9月9日付けオピニオン&フォーラム

 タイトルは朝日新聞の特集ですが、この日は「戦場に立つということ」というテーマでのインタビュー記事でした。戦場の心理学の専門家に聞いたものですが、驚きました。まず、アメリカには軍事心理学の専門家がいて、戦場で人を殺すための心理学を研究しているというわけです。第2次大戦中は、米兵は接近戦で的に小銃を撃ったのは15~20%。訓練で条件付けを行い、朝鮮戦争で50~55%に高め、ベトナム戦争では95%にまで上がったというわけです。「心身を追い込む訓練でストレス耐性をつけ、心理的課題もあらかじめ解決しておく…」と述べ、訓練のやり方次第で人は戦場で100%人を殺せるようになると説明しています。

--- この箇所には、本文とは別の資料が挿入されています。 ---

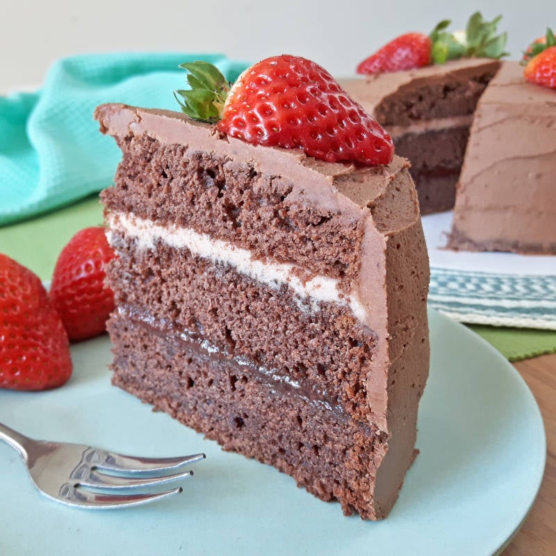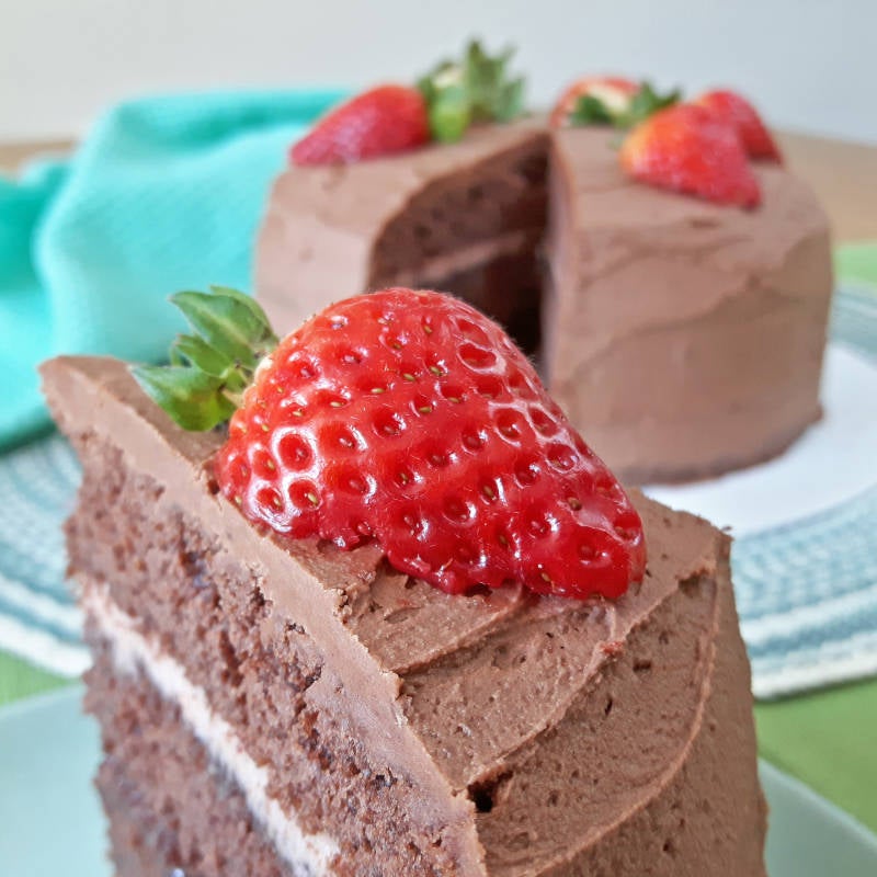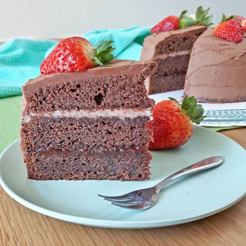 Chocoladetaart! <3 Met lekker veel laagjes: tussen de drie chocoladecakes zit eerst een laag jam en daarna zachte aardbeiencrème. Op de buitenkant van de taart zit stevige chocolade botercrème. Ik ben zelf trouwens niet zo'n liefhebber van chocoladegebak, maar déze taart vind ik ook erg lekker!
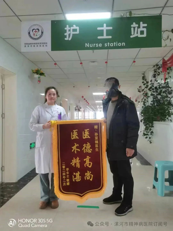3月4日一大早,一名患者家屬懷著一顆無比感恩的心來到了漯河市精神病醫(yī)院精神四科,感謝我院孫亞南醫(yī)生及全體醫(yī)護(hù)人員,并送上一面錦旗,他的患者是一名在校學(xué)生,在家不出門,不與人溝通,緊張、害怕,嚴(yán)重影響到日常生活,不能正常上學(xué),經(jīng)門診收住院,入院后,孫醫(yī)生耐心詢問患者的病情,根據(jù)患者的癥狀進(jìn)行病情評估,制定了詳細(xì)的治療方案,通過一個(gè)多月的治療,患者癥狀明顯改善。能與人交流了,臉上也露出了久違的笑容。家屬對醫(yī)院的診療和服務(wù)水平非常滿意!
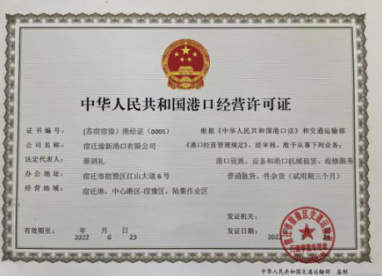 3月26日,獲得宿遷市交通行政主管部門頒發的老碼頭試運營許可證;
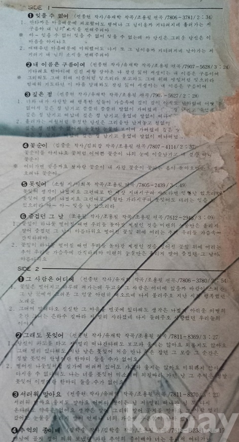 | 자켓상태 | VG : 주름, 접힘, 모서리 찢김 다수 | 음반상태 | EX : 재생에 영향 없는 가벼운 기스 존재 | 발매정보 | 알수없음 | 가사지여부 | 무 |
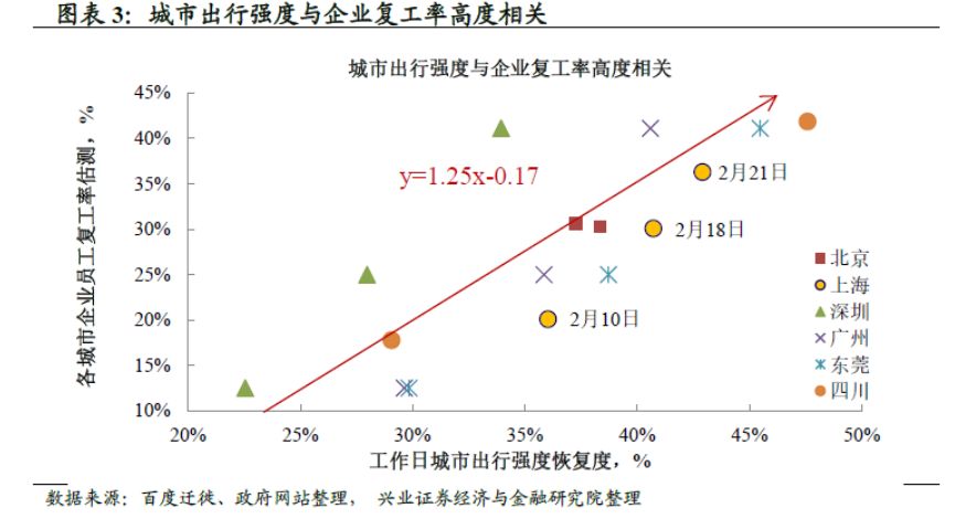 对前期跟踪框架的补充:城市内部出行强度对复工率具有较好指示意义。在本篇报告中,通过对百度迁徙数据进行清洗,我们在原有的跟踪框架中,新补充了城市内部的出行强度指标(即城市内部出行人员占城市居住居民的比例)。理论上而言,出行强度的增加意味着居民的经济活动(包括工作、生活)也出现回升,而正如后文所示,清洗之后的该数据与企业复工率表现出较强的相关性,具有较好的指示意义。
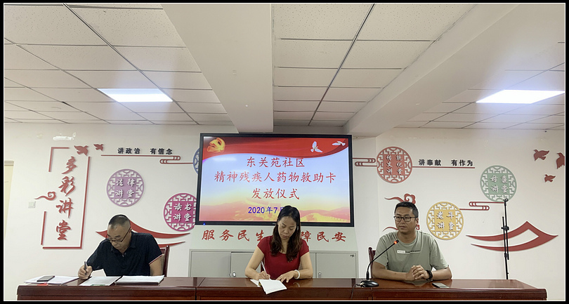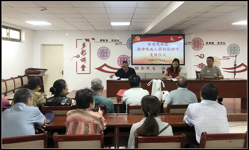为进一步做好精神病防治康复工作,切实解决贫困精神病患者的治疗与康复困难,7月3日下午,东关苑社区举行贫困精神残疾人服药救助卡发放仪式,社区副主任李明霞、精神残疾人亲属共20余人参加仪式。
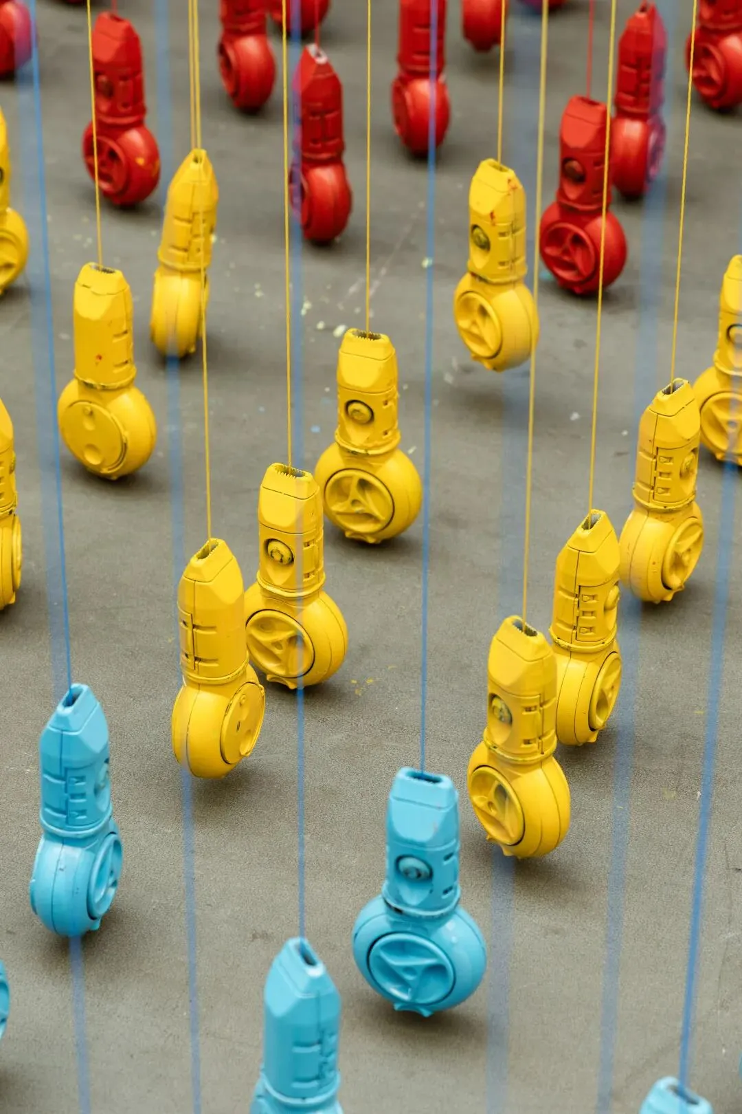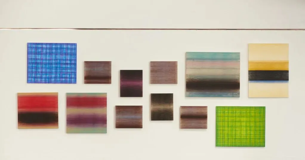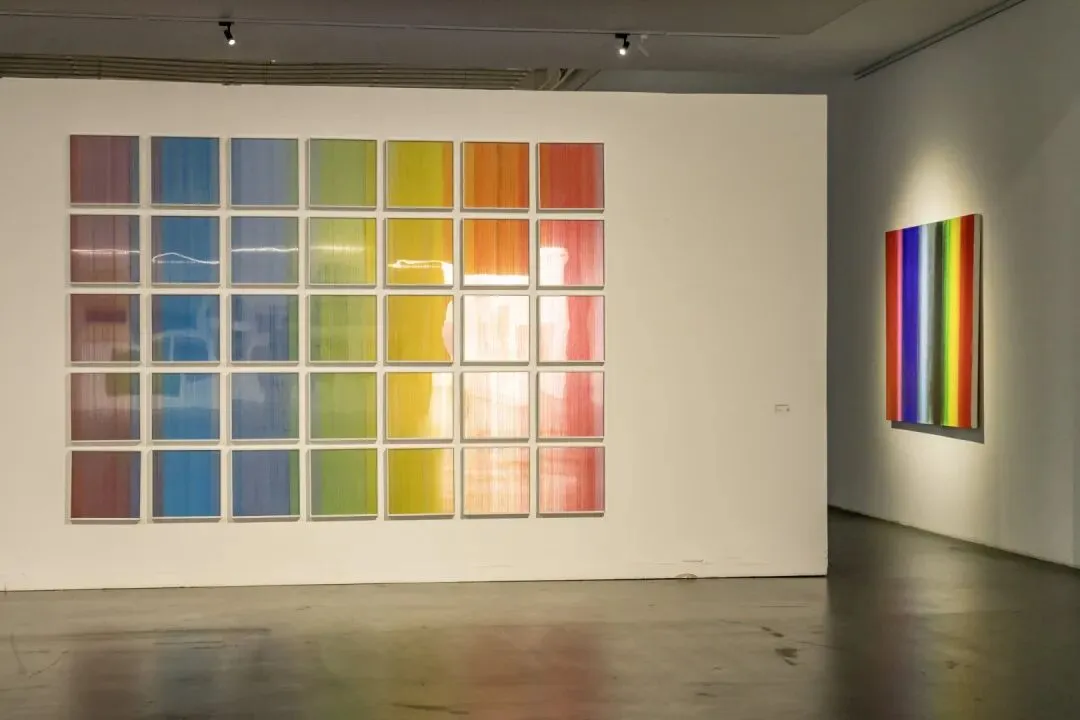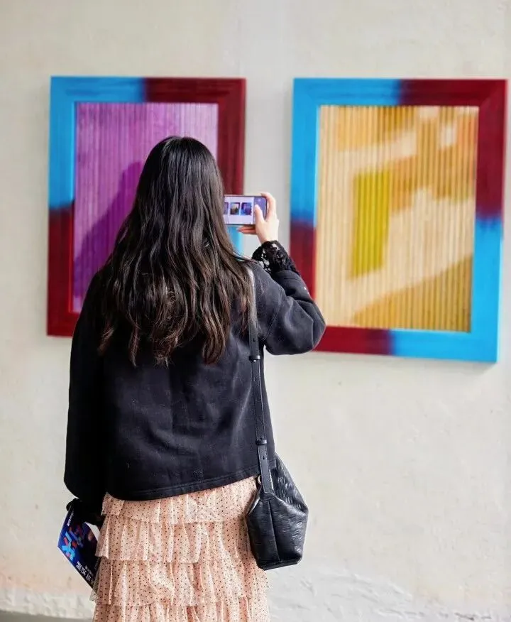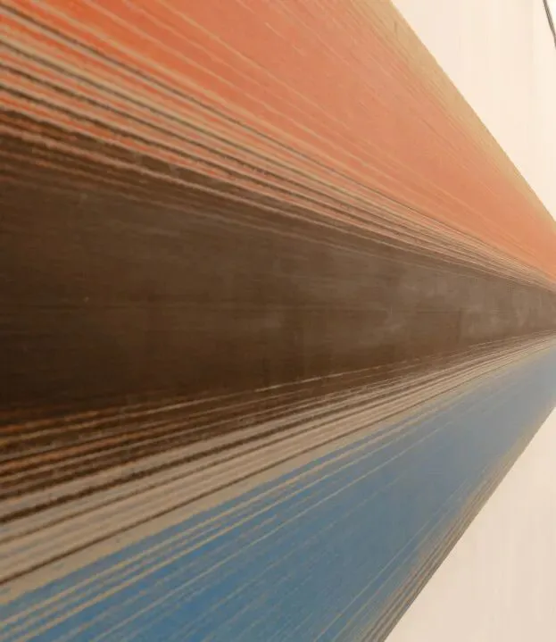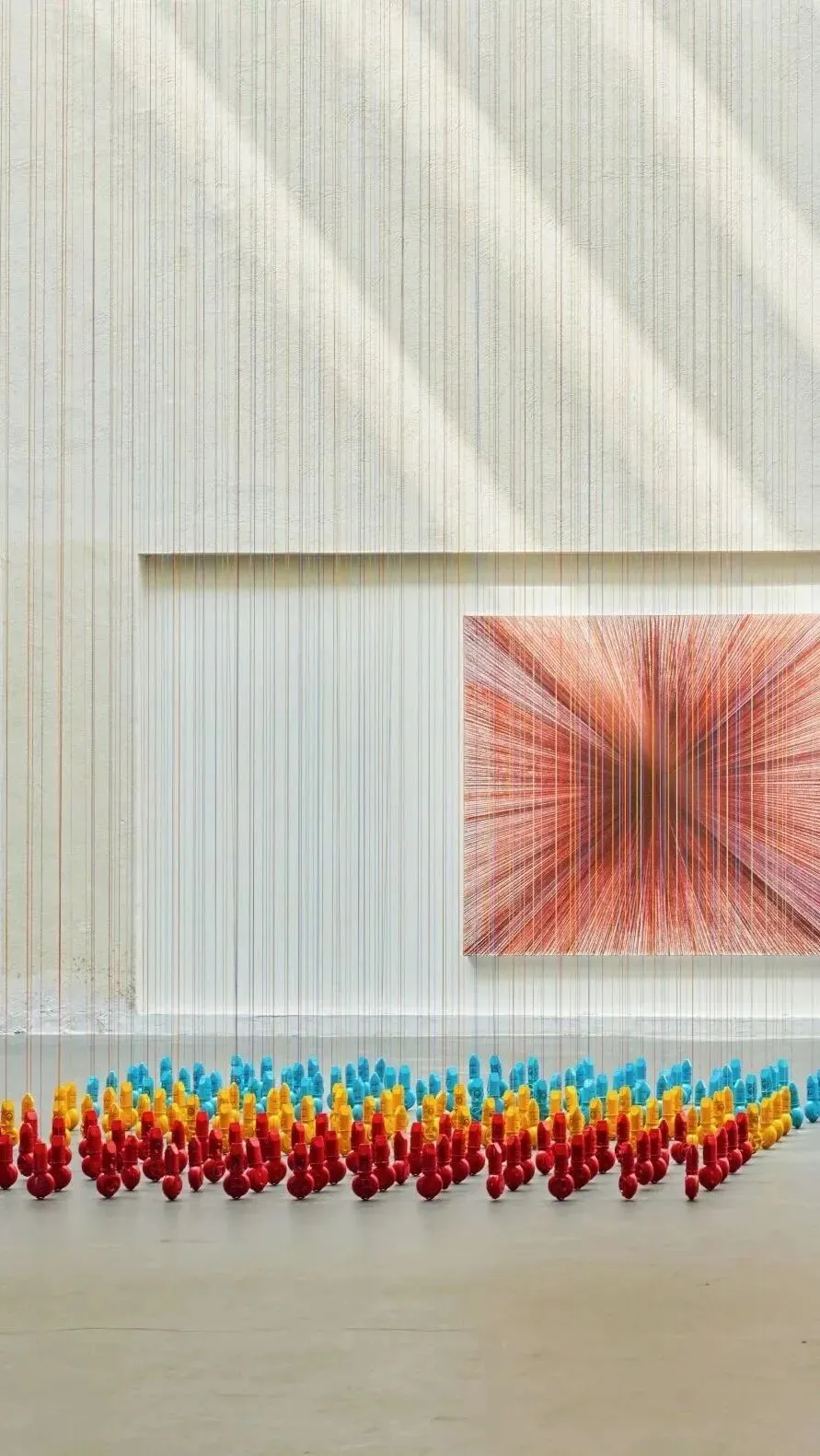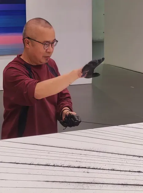 杨坚的作品并非机械的重复。策展人多多在访谈中提到:“每一次弹线,都包含着控制与不可控的瞬间。你以为是在测量空间,其实也是在和偶然较劲。”
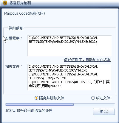 瑞星20.31.50的“恶意行为检测”发现并挡住了这只狗。
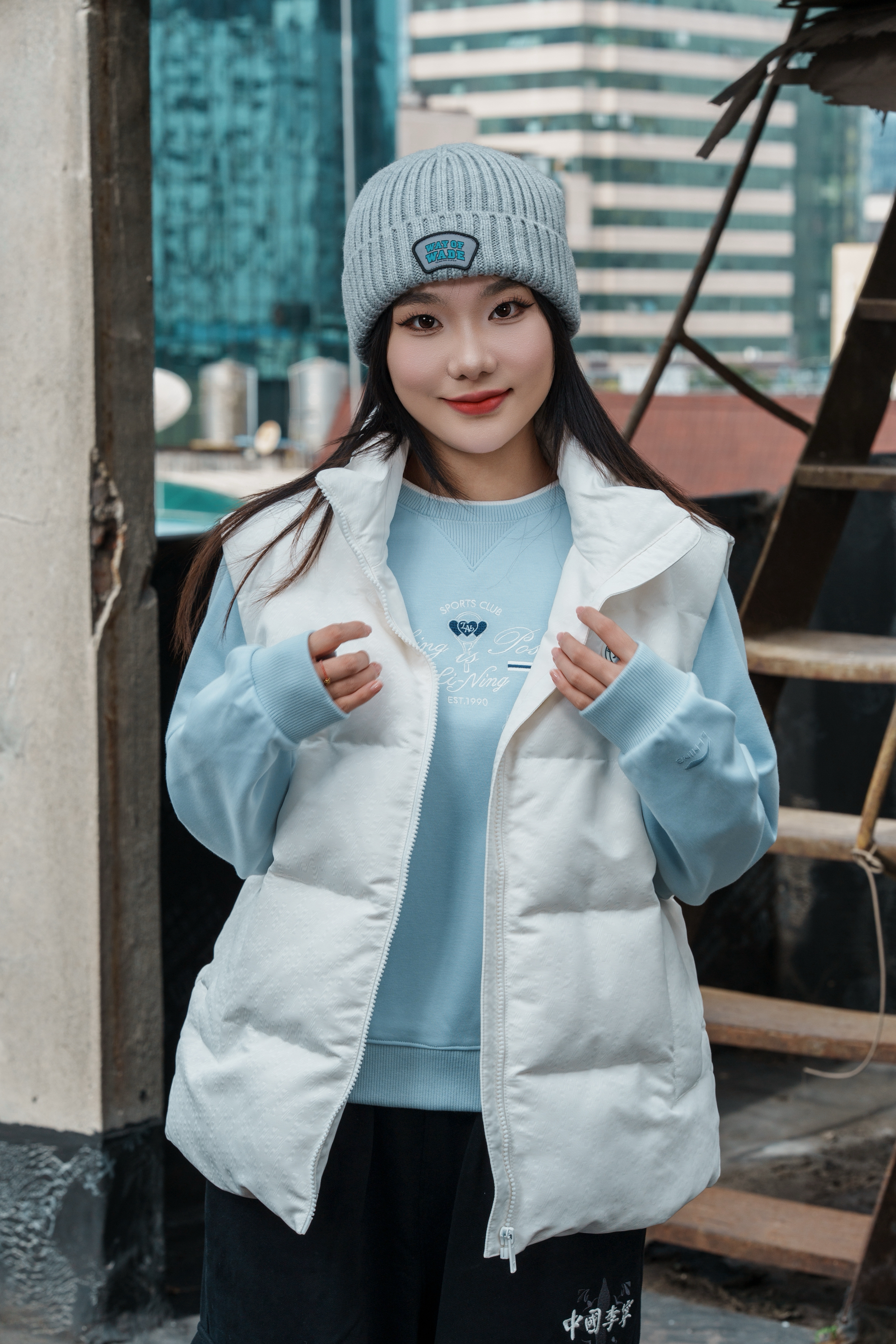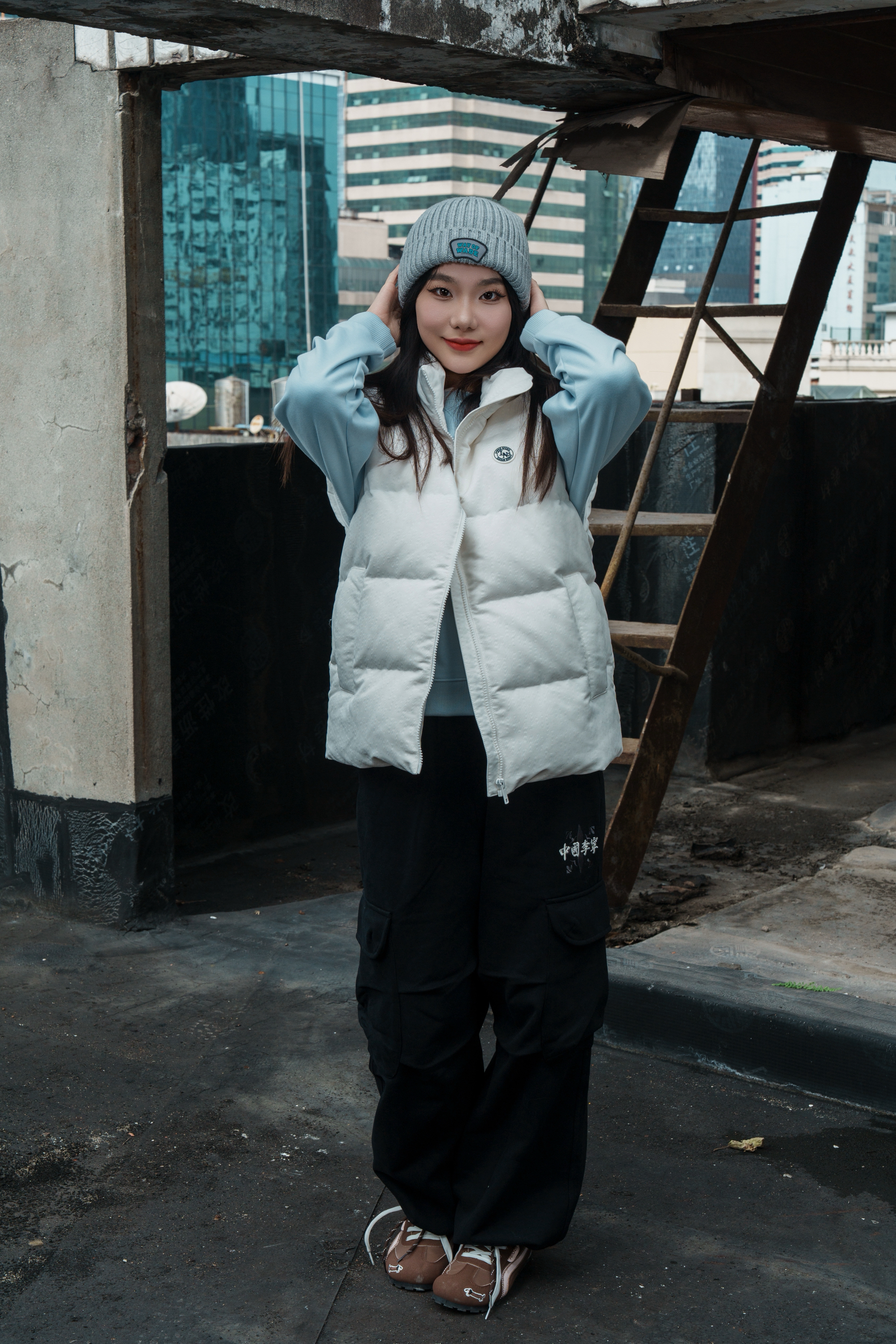 谁懂啊!今天这身直接焊在身上了😎 上衣叠穿: 内搭是浅蓝爱心卫衣,软乎乎的加绒款,贴身穿巨舒服!胸前小爱心印花甜而不腻,单穿也很乖~ 外面叠了件米白色立领羽绒马甲,蓬松度刚好不会显臃肿,立领防风还显脸小!奶白+浅蓝这组合,直接把秋冬的沉闷给戳破了,清爽又暖和~ 裤子: 搭了条黑色工装阔腿裤,裤型是那种垂垂的,胯宽腿粗的姐妹闭眼冲!侧边小口袋+宽松版型,随便一穿就是“不费力时髦”,重点是加绒...
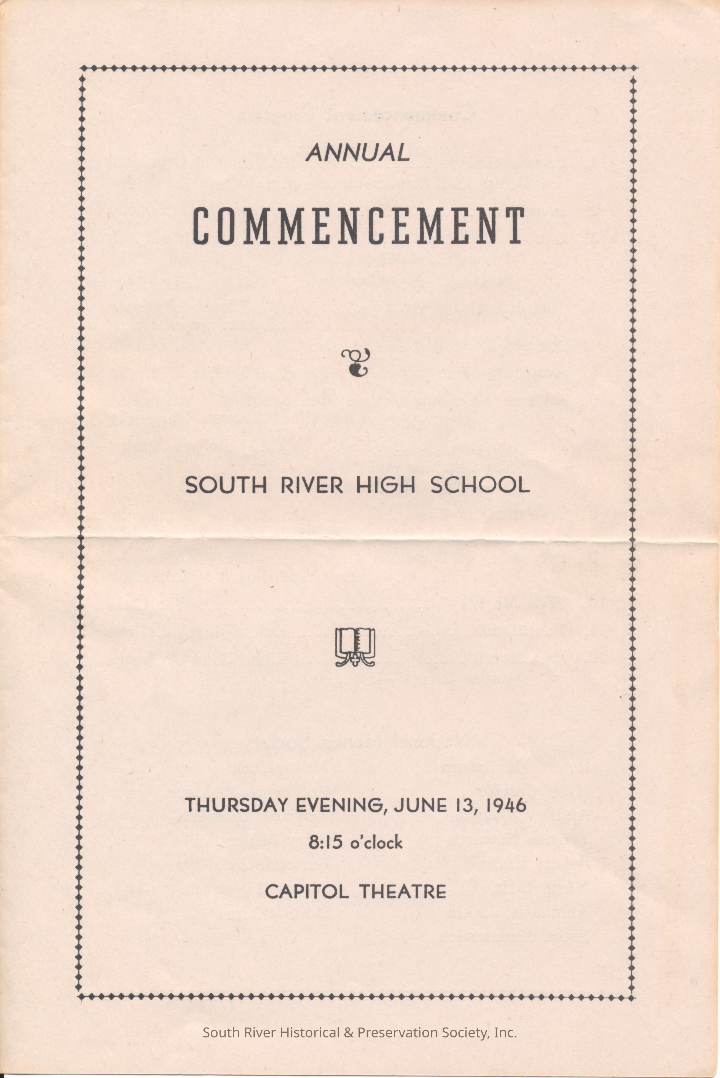 Commencement program with text on the front cover that reads, "Annual Commencement, South River High School, Thursday Evening, June 13, 1946, 8:15 O'Clock, Capitol Theatre."

 戦争に利用される研究を行う研究者は、倫理的にどうなのかなと思います。そのような研究は拒否すべきでしょう。しかし、先日読んだ本では、社会を発展させる科学と戦争に利用される科学は表裏一体だと書いてありました。その見極めは非常にむずかしいものになってきているようですが、私たちは想像力をもって対抗していくしかないのかもしれません。このインタビュー記事に答えていた心理学の専門家は、軍服姿で2枚とも写っていました。自分は軍人だからこのような研究を進めるのだと言っているようでした。